Analysis and Planning

 

Below is list of tools designed to provide baseline and ongoing program evaluation used to make the business case, determine value-on-investment, and guide strategic planning.

CalcuL8 Health and Productivity Analysis Tool

This instrument is an innovative medical claims analysis tool, which assists organizations in identifying their most costly lifestyle-related risk factors that are modifiable and preventable. Additionally, CalcuL8 identifies productivity loss costs associated with these risk factors. CalcuL8 projects future healthcare-related costs for the company and provides break-even analysis scenarios and return-on-investment projections for interventions related to the company’s most costly lifestyle-related risk factors. Learn more...
 

Return-on-Investment/Value-on-Investment (ROI/VOI) Calculator

The ROI/VOI calculator helps determine program effectiveness by evaluating cost savings from risk reduction and program investment within the organization. Risk prevalence will be compared from baseline to follow-up.

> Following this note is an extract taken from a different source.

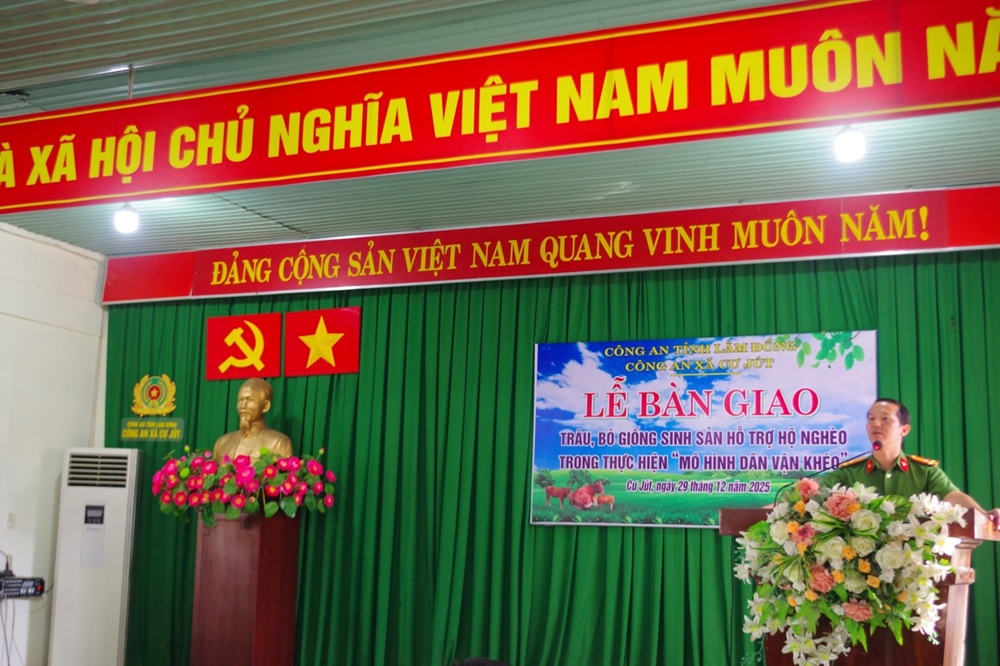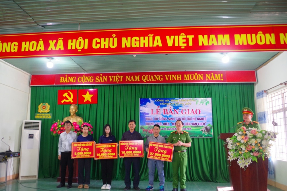 Tiếp nối hiệu quả bước đầu, ngày 29 tháng 12 năm 2025, Công an xã Cư Jút tiếp tục đẩy mạnh công tác xã hội hóa, vận động các mạnh thường quân hỗ trợ và trao tặng thêm 03 con bò giống sinh sản cho 03 hộ dân nghèo thuộc thôn 11 và thôn 12 Cư Knia. Tính đến thời điểm hiện tại, mô hình đã đạt tổng số 07 con bò và 02 con bê con, bước đầu ghi nhận hiệu quả rõ nét về kinh tế và ý nghĩa xã hội. Qua hoạt động này, vai trò cầu nối của lực lượng Công an trong việc huy động nguồn lực xã hội nhằm chăm lo đời sống nhân dân tiếp tục được khẳng định.

If risk prevalence data is available over multiple years for a cohort, a year-over-year ROI can be calculated. The ROI tool can also be used to project savings from baseline by entering a variety of outcome scenarios for subsequent years. The ROI/VOI tool uses medical and productivity risk factor costs identified through a combination of research and an extensive proprietary risk factor cost database. Along with risk prevalence, HIS will include program costs, such as staffing, administrative fees, consulting, and other investment costs.  Vendor costs can be separated out to portion out the investment and outcomes from vendor(s). Median annual compensation is used to determine the health-related productivity loss costs ROI portion. Program ROI will be provided in four outputs: medical only, absenteeism only, presenteeism only, and overall ROI (medical and productivity combined). Results are provided in a brief report with important information regarding ROI/VOI and how the results can be interpreted. 

 

Stakeholder Interviews

Quantitative data does not typically tell the whole story when looking at the efficacy of a health improvement program. The purpose of the Stakeholder Interviews is to gather qualitative data from various stakeholder-group representatives to determine:

-Organizational Health Indicators (OHI) of the program (why the organization is providing a health improvement program)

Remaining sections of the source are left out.